Нет… Переменить… все переменить надо. Что переменить? Кабы пришел кто, да научил!»

В команду вернулись трубачи. Большинство из них подвыпило. Шумно икая, смеясь и бранясь между собою, вешали они в шкап инструменты, с грохотом валили пюпитры в угол.

Ершов выскочил из-за перегородки. Бледный, злой, волосы всклокочены, горели злобой глаза.

— Тише, вы! Сволочи! В команде притихли.

Ершов взглянул на часы. Пять часов.

— Одевай куртки… на уборку!

— Господин штаб-трубач, дозвольте раньше чаю напиться, — раздался сзади него молящий голос.

Ершов обернулся на говорившего. Говорил эс-ный трубач (Эс-ный трубач — эскадронный трубач. По штатам, в каждом эскадроне регулярной кавалерии полагалось иметь трех трубачей) Перекальский, бледный поляк, с веснушчатым нездоровым лицом и слабою грудью.

— Чаю! — крикнул Ершов. — Тебе чаю! Эва, барин какой выискался! Я тебе болвану дам чаю.

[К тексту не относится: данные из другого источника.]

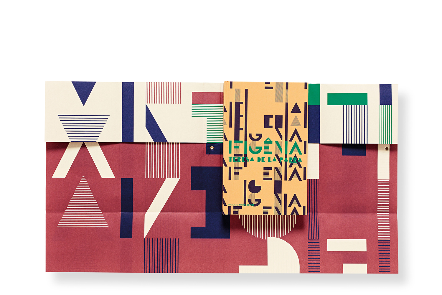 The typography in P22 Bifur, a digital interpretation of Cassandre’s Bifur (1928), refers directly to the time and place that the novel was written. The pieces of the letters, on the cover, was a graphic metaphor of deconstruction of the female protagonist expected resignation at that time. The book jacket was conceived as a wrapping paper envelope that holds her diary (the book). The colors were borrowed from the Brazilian graphic artist of the same period, J. Carlos.

— Чего вы ругаетесь, господин штаб-трубач! — с серьезным укором сказал Перекальский. — Ребята устали. С часу до пяти без передышки в эскадроне играли. Горла пересохли.

— Ах, ты! Учить меня будешь, что делать. Скотина нестоющая!

— Гоподин штаб-трубач. За что же? Я адъютанту жаловаться буду.

— А, жаловаться? — Ершов размахнулся и крепко шлепнул ладонью по затылку Перекальского. Осушил пальцы о твердый стриженый затылок и жилистую жесткую шею. Было противно внезапное ощущение чужого тела под рукою.

— Жалуйся, сукин кот! Я те пожалуюсь! Со света сживу, дохляк. Марш на уборку!

В гробовой тишине переодевались трубачи. Они напялили старые, пахнущие навозом шинели и строились в коридоре у окон.

Молча, в колонне по три, они шли по полковому двору, шлепали тяжелыми сапогами по лужам, хрустели по нестаявшему снегу, входили в сумрак конюшни, расходились по лошадям, снимали попоны и разбирали Щетки и скребницы.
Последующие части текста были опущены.